In a secluded section of Raleigh, North Carolina live 16 carefully selected recruits for a high-priority Pentagon project that could play a life or death role in Afghanistan.
None of them have any previous military experience, so their training is necessarily disciplined – if they get through the programme their work could pave the way for others, like them, who will be called on to make life-saving decisions in high-stress environments. As a result, nothing is left to chance. Their days involve intense physical and mental training to see if they are able to cope with the rigors of war.

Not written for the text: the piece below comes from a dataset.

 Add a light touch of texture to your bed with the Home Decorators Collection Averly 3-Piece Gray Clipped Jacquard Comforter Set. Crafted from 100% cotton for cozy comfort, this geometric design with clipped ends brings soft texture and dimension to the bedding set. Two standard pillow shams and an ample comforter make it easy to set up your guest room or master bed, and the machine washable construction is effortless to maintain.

Outside, a trainer introduced me to one recruit, Jimmy, who is outfitted with a telemetry vest, which can measure his physiological changes, such as heart rate, breathing, and skin temperature. It gives him an almost Olympian look, like an athlete whose every breath is measured by a team of coaches.

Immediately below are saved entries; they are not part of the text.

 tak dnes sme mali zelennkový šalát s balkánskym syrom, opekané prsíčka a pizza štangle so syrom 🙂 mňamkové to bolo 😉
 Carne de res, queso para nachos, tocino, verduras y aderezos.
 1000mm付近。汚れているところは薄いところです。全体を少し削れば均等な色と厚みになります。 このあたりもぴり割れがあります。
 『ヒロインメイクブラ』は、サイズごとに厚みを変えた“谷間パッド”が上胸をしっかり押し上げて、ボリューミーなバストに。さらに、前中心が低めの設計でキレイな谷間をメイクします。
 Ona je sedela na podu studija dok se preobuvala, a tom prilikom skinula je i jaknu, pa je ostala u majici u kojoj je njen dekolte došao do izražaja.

But you also get a sense that Jimmy gets a kick out of it. As he is ordered forward, he is panting and his tail is wagging with the enthusiasm of youth.
The good-natured black Labrador retriever is the Jason Bourne of dogs – part of a specialised Navy programme designed to select and train the most highly skilled members of his breed for a high-priority mission: finding improvised explosive devices (IEDs) on the battlefield. While prototypes of the dogs have already been deployed, research on Jimmy and his colleagues is part of a “2.0” version of the programmme, which is based on formal science studies being conducted here at North Carolina State University’s College of Veterinary Medicine, and other universities.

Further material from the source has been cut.